FABIO – Talvez a banda deva considerar a possibilidade de lançar alguns singles independentes dos álbuns. Acabar com “o álbum” seria o tiro de misericórdia na música em si! Mas aí, sinceramente pra mim não fede nem cheira… Não faz parte da minha realidade e nem de muita gente por aí. Continuo colecionando vinil, cassete, CDs de bandas underground e usando a internet pra escutar e assistir o que não tenho em formato físico. Ninguém precisa se tornar escravo disso, é uma opção.

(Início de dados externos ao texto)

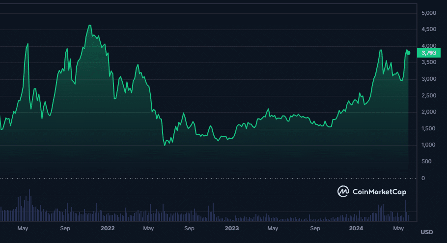 Na moment powstawania tego tekstu cena Ethereum wynosiła ok. 3800 USD za monetę.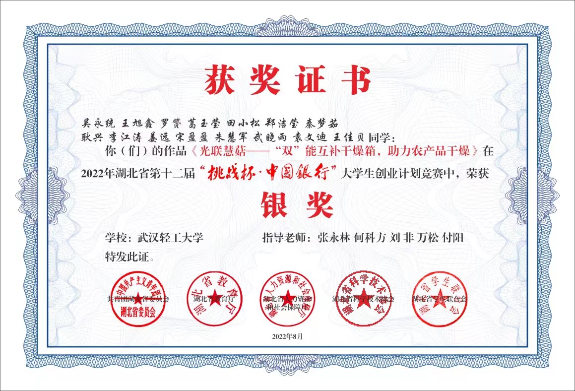 武汉恒阳聚创信息技术有限公司于2021年5月由轻工大创业团队-阳光蘑力团队注册成立,是一家基于太阳能光热效应原理,集光热采集、数字管控、智能调配为一体的干燥设备研发公司,是公司首个科技创新型企业。目前,公司已经成功研发出一种太阳能智能食品干燥箱,并申报受理发明专利1项,授权实用新型专利2项,且同3家企业签订意向合作,建立了5处试用点。
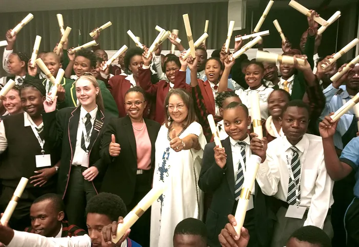 Minister of Public Works and Infrastructure Patricia De Lille with some of the beneficiaries of her department’s bursary scheme yesterday. Picture: Thobile Mathonsi/African News Agency (ANA)

NADA POP – Qual disco você gostaria de ter gravado? Por quê? (pode colocar um como produtor e outro como músico se quiser, ok?)
FABIO – Difícil essa, hein m1to… Talvez, se eu tivesse tocado no Reign In Blood (Slayer) e produzido o The Gathering (Testament) nem eu me aguentaria!!!! (risos)
NADA POP – Muito obrigado pela conversa. Este espaço é livre para o que você quiser dizer!
FABIO – Quero dizer que estou sendo ameaçado de morte pra responder a essa entrevista. Digo mais! Boa parte do conteúdo foi censurado pelo braço da ditadura militar remanescente na redação do Nada Pop, e o restante é brisa da minha cabeça. Aproveito pra alertar jovens de 8 a 80 anos sobre o perigo de se fazer “certas amizades” por aí. Eles podem te fazer um adesivo escrito “M1to m1tando”!!!!! (risos)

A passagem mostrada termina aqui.